**DESCRIPTION OF THE TASK**
The answer should hold only the lines from the beginning of the material through the one with "- Głębokość fotela: 82 cm", reproduced exactly and without pictures.

Top of GIVEN INFORMATION

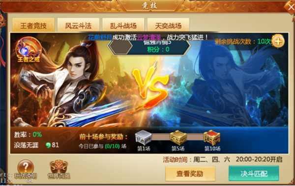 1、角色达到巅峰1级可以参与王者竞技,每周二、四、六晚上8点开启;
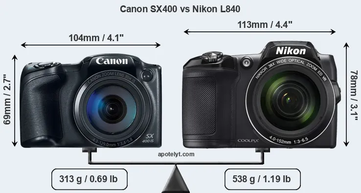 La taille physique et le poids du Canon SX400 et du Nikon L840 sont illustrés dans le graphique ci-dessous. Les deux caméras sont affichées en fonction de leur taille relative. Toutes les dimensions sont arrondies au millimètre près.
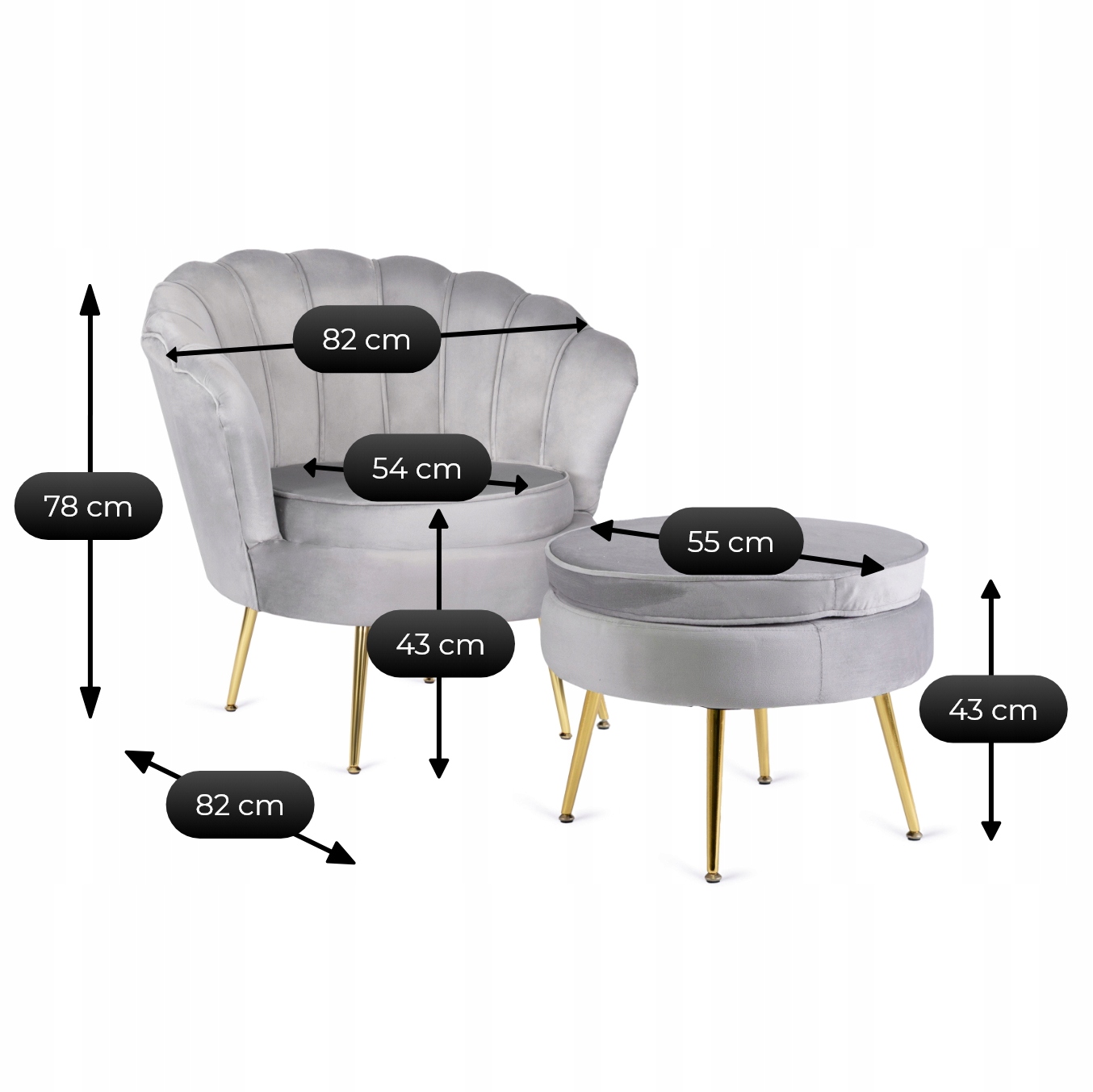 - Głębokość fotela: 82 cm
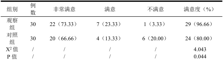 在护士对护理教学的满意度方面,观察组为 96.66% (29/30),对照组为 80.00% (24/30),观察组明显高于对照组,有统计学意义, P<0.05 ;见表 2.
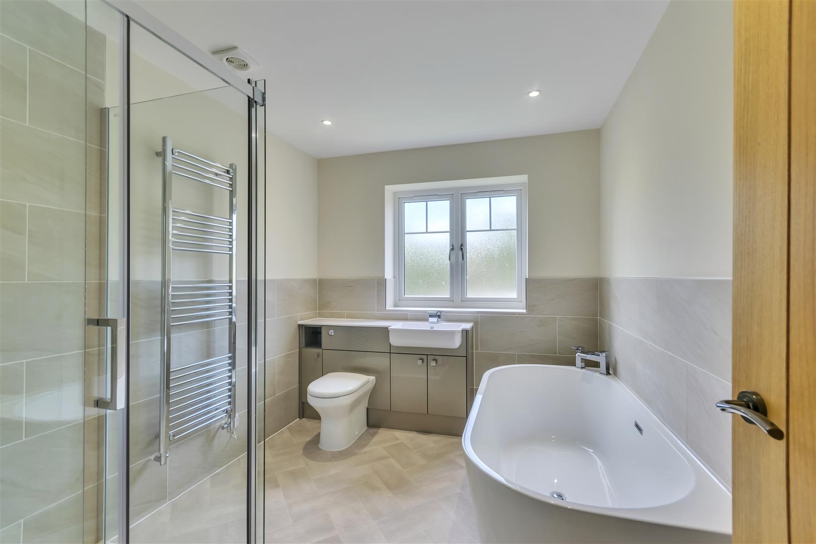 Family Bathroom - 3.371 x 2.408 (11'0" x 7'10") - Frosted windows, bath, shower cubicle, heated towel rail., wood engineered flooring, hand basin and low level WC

Bottom of GIVEN INFORMATION

**RESPONSE TO THIS TASK**
 1、角色达到巅峰1级可以参与王者竞技,每周二、四、六晚上8点开启;
 La taille physique et le poids du Canon SX400 et du Nikon L840 sont illustrés dans le graphique ci-dessous. Les deux caméras sont affichées en fonction de leur taille relative. Toutes les dimensions sont arrondies au millimètre près.
 - Głębokość fotela: 82 cm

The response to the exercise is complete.